*** Begin section ***

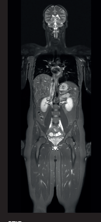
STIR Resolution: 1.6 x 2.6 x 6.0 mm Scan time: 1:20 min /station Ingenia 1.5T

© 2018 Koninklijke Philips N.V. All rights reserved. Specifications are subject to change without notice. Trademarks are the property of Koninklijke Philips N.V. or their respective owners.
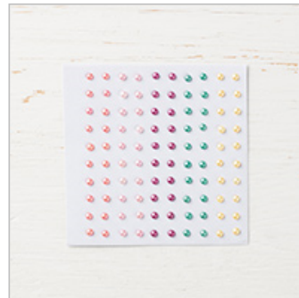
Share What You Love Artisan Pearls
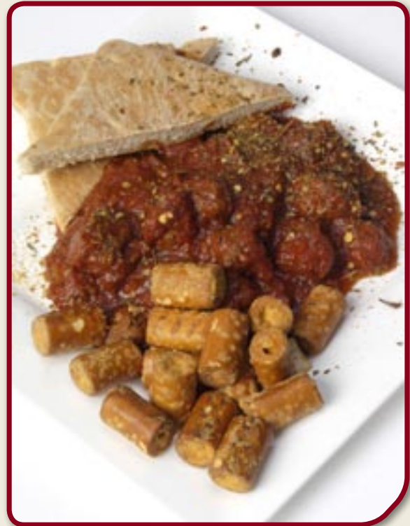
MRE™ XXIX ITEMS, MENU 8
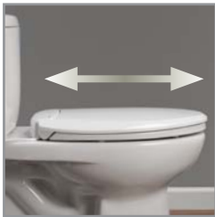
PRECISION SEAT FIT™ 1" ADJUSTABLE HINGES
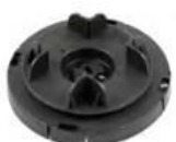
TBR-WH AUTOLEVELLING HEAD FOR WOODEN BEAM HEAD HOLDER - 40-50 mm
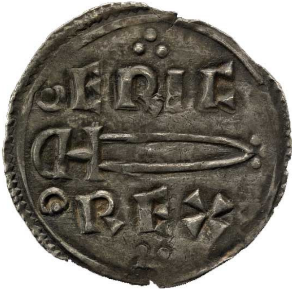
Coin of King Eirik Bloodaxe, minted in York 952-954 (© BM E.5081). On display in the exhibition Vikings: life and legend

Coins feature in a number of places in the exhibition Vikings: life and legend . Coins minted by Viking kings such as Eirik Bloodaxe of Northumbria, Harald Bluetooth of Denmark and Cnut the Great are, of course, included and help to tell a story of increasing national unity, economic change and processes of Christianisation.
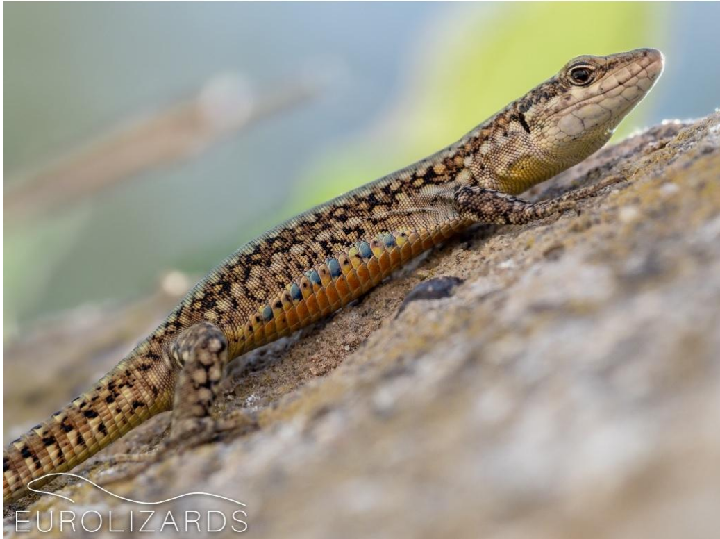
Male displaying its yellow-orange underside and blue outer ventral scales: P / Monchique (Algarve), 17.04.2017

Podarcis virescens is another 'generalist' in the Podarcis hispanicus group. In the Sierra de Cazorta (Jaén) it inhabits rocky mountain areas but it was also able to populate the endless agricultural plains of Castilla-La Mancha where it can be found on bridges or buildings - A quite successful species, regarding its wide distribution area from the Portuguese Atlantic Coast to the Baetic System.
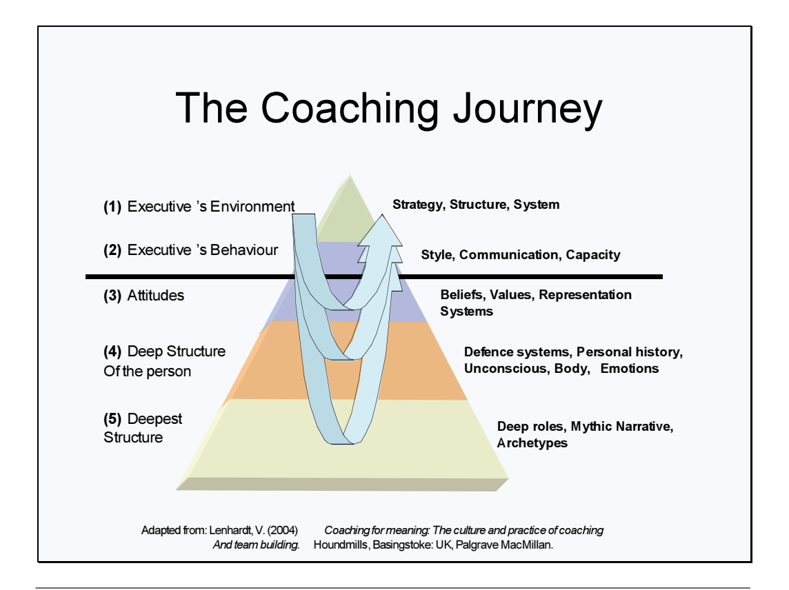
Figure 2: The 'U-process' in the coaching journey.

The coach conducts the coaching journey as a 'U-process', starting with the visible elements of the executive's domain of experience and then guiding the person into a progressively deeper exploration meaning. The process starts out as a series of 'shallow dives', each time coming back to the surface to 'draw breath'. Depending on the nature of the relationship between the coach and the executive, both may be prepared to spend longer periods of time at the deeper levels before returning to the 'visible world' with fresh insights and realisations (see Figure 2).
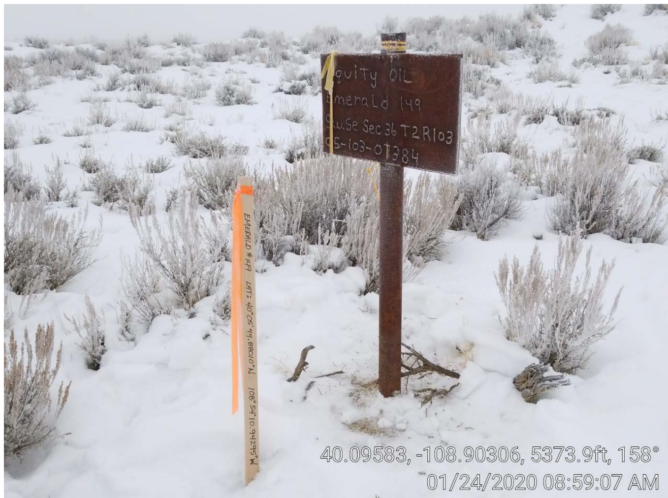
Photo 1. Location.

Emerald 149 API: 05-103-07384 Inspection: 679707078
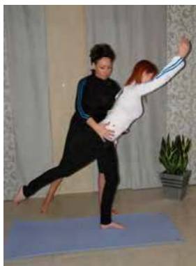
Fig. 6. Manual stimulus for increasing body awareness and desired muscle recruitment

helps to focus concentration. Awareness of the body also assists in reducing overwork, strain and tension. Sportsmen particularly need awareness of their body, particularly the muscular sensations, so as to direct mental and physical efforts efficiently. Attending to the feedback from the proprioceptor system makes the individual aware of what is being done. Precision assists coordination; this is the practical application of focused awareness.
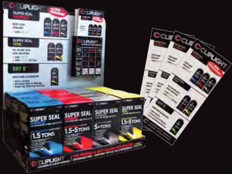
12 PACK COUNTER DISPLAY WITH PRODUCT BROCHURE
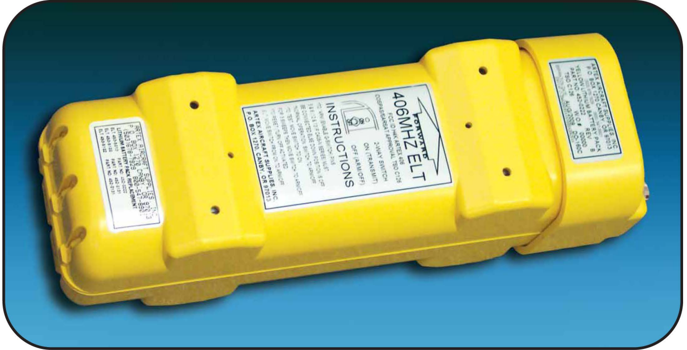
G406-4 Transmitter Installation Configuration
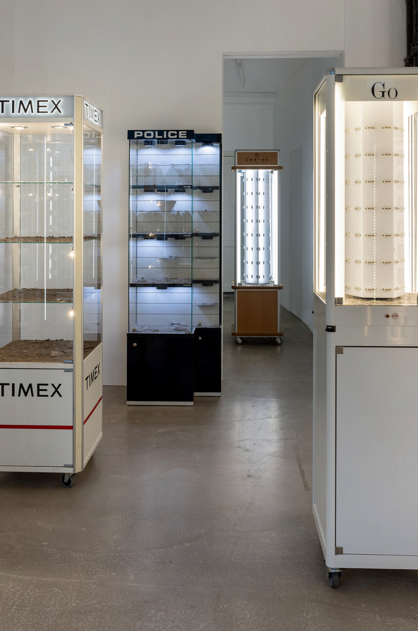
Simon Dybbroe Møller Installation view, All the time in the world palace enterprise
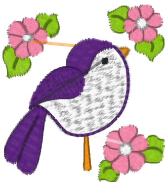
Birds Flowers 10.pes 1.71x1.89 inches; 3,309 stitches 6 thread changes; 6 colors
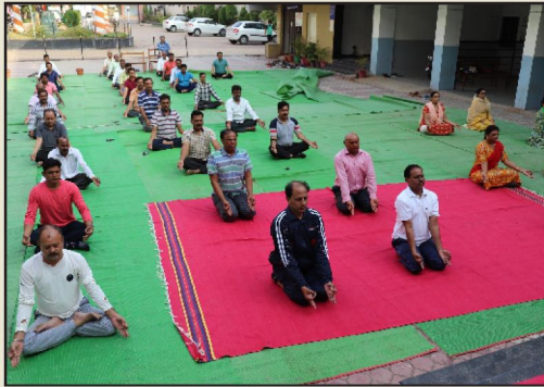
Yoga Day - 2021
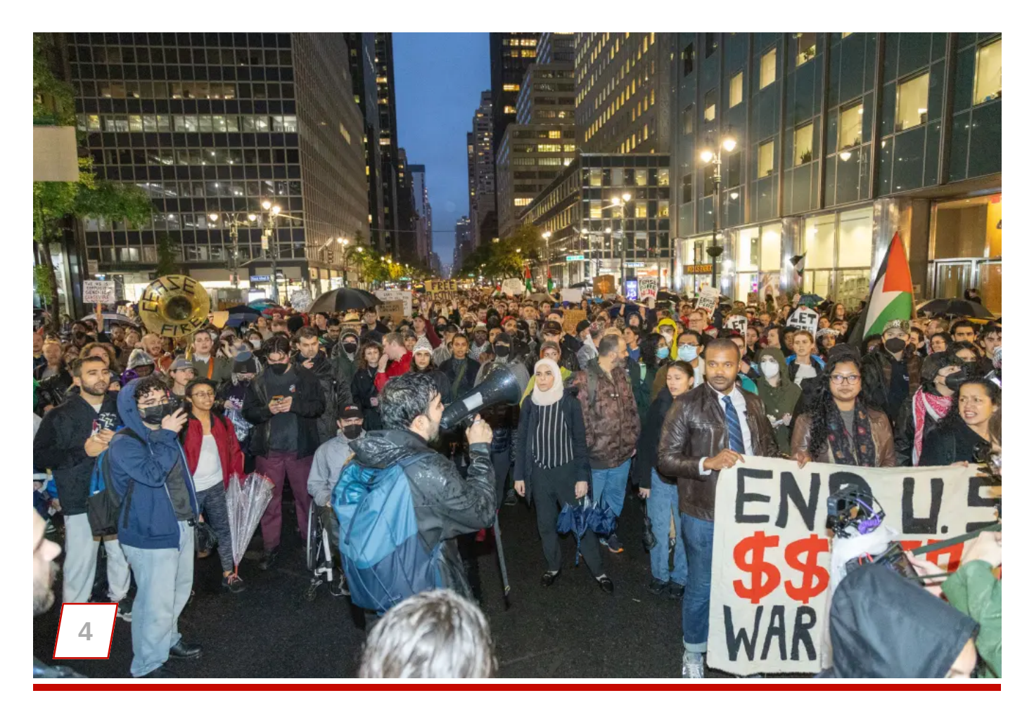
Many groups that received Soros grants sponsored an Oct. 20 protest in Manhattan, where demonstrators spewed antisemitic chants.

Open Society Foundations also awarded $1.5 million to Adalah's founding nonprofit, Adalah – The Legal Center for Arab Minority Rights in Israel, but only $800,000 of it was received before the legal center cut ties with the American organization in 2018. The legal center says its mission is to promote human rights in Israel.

*** End section ***

Exercise description ::
Copy out every entry above, character for character, excluding pictures.

Your response ::
STIR Resolution: 1.6 x 2.6 x 6.0 mm Scan time: 1:20 min /station Ingenia 1.5T

© 2018 Koninklijke Philips N.V. All rights reserved. Specifications are subject to change without notice. Trademarks are the property of Koninklijke Philips N.V. or their respective owners.
Share What You Love Artisan Pearls
MRE™ XXIX ITEMS, MENU 8
PRECISION SEAT FIT™ 1" ADJUSTABLE HINGES
TBR-WH AUTOLEVELLING HEAD FOR WOODEN BEAM HEAD HOLDER - 40-50 mm
Coin of King Eirik Bloodaxe, minted in York 952-954 (© BM E.5081). On display in the exhibition Vikings: life and legend

Coins feature in a number of places in the exhibition Vikings: life and legend . Coins minted by Viking kings such as Eirik Bloodaxe of Northumbria, Harald Bluetooth of Denmark and Cnut the Great are, of course, included and help to tell a story of increasing national unity, economic change and processes of Christianisation.
Male displaying its yellow-orange underside and blue outer ventral scales: P / Monchique (Algarve), 17.04.2017

Podarcis virescens is another 'generalist' in the Podarcis hispanicus group. In the Sierra de Cazorta (Jaén) it inhabits rocky mountain areas but it was also able to populate the endless agricultural plains of Castilla-La Mancha where it can be found on bridges or buildings - A quite successful species, regarding its wide distribution area from the Portuguese Atlantic Coast to the Baetic System.
Figure 2: The 'U-process' in the coaching journey.

The coach conducts the coaching journey as a 'U-process', starting with the visible elements of the executive's domain of experience and then guiding the person into a progressively deeper exploration meaning. The process starts out as a series of 'shallow dives', each time coming back to the surface to 'draw breath'. Depending on the nature of the relationship between the coach and the executive, both may be prepared to spend longer periods of time at the deeper levels before returning to the 'visible world' with fresh insights and realisations (see Figure 2).
Photo 1. Location.

Emerald 149 API: 05-103-07384 Inspection: 679707078
Fig. 6. Manual stimulus for increasing body awareness and desired muscle recruitment

helps to focus concentration. Awareness of the body also assists in reducing overwork, strain and tension. Sportsmen particularly need awareness of their body, particularly the muscular sensations, so as to direct mental and physical efforts efficiently. Attending to the feedback from the proprioceptor system makes the individual aware of what is being done. Precision assists coordination; this is the practical application of focused awareness.
12 PACK COUNTER DISPLAY WITH PRODUCT BROCHURE
G406-4 Transmitter Installation Configuration
Simon Dybbroe Møller Installation view, All the time in the world palace enterprise
Birds Flowers 10.pes 1.71x1.89 inches; 3,309 stitches 6 thread changes; 6 colors
Yoga Day - 2021
Many groups that received Soros grants sponsored an Oct. 20 protest in Manhattan, where demonstrators spewed antisemitic chants.

Open Society Foundations also awarded $1.5 million to Adalah's founding nonprofit, Adalah – The Legal Center for Arab Minority Rights in Israel, but only $800,000 of it was received before the legal center cut ties with the American organization in 2018. The legal center says its mission is to promote human rights in Israel.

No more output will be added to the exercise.